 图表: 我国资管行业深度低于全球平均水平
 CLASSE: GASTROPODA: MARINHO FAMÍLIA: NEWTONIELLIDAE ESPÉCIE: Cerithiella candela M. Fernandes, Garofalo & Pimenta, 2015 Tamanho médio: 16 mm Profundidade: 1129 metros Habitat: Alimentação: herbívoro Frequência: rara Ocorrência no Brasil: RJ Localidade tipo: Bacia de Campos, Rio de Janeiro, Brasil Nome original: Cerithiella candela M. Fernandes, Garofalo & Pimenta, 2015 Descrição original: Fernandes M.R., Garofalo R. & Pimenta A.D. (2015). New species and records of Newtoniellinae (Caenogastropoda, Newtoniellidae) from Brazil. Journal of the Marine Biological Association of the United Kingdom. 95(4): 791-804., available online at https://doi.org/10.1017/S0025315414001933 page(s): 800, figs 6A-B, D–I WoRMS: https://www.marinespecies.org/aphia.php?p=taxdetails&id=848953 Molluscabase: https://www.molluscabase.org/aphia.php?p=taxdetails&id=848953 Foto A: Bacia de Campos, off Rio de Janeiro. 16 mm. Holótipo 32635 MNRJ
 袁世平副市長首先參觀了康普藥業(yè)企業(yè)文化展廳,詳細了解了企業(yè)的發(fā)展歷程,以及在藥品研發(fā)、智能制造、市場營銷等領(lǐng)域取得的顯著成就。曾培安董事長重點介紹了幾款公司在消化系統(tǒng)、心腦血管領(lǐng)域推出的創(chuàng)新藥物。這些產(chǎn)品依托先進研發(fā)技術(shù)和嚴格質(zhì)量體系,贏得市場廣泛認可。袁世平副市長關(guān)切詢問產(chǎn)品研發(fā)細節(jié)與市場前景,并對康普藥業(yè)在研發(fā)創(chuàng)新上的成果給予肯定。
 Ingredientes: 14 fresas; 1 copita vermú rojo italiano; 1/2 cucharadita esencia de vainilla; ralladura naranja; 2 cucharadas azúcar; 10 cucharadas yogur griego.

· · ·

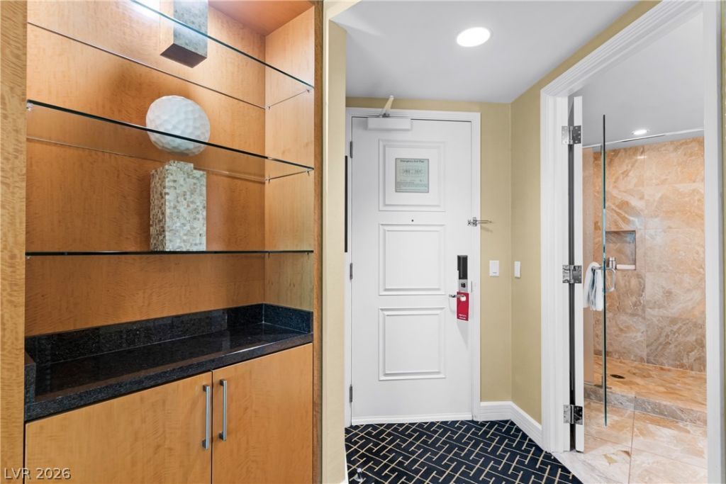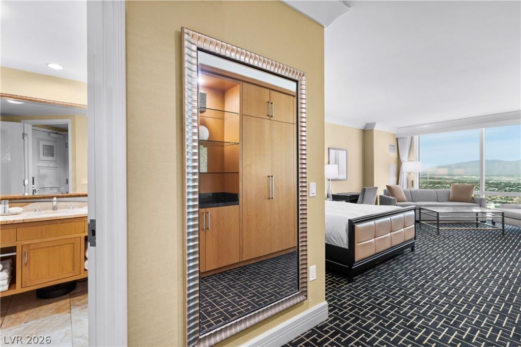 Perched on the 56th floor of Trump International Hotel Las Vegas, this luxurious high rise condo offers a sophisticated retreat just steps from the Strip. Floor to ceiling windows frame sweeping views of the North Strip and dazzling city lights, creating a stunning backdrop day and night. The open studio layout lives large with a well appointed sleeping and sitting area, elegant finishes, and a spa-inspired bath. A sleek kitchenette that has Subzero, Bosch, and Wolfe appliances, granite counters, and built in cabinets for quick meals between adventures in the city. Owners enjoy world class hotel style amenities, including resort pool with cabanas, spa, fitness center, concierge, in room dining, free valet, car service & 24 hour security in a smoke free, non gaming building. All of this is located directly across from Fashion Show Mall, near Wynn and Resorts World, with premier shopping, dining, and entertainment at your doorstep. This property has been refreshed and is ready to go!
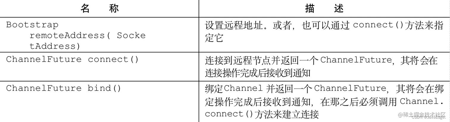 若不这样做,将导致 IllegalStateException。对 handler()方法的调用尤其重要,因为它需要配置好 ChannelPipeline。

· · ·

From the listing above, repeat only the lines between the line containing "Perched on the" and the line containing "若不这样做,将导致 IllegalStateException。对 handler()方法的调用尤其重要,因为它需要配置好", those two included. Pictures are not part of the copy.

 Perched on the 56th floor of Trump International Hotel Las Vegas, this luxurious high rise condo offers a sophisticated retreat just steps from the Strip. Floor to ceiling windows frame sweeping views of the North Strip and dazzling city lights, creating a stunning backdrop day and night. The open studio layout lives large with a well appointed sleeping and sitting area, elegant finishes, and a spa-inspired bath. A sleek kitchenette that has Subzero, Bosch, and Wolfe appliances, granite counters, and built in cabinets for quick meals between adventures in the city. Owners enjoy world class hotel style amenities, including resort pool with cabanas, spa, fitness center, concierge, in room dining, free valet, car service & 24 hour security in a smoke free, non gaming building. All of this is located directly across from Fashion Show Mall, near Wynn and Resorts World, with premier shopping, dining, and entertainment at your doorstep. This property has been refreshed and is ready to go!
 若不这样做,将导致 IllegalStateException。对 handler()方法的调用尤其重要,因为它需要配置好 ChannelPipeline。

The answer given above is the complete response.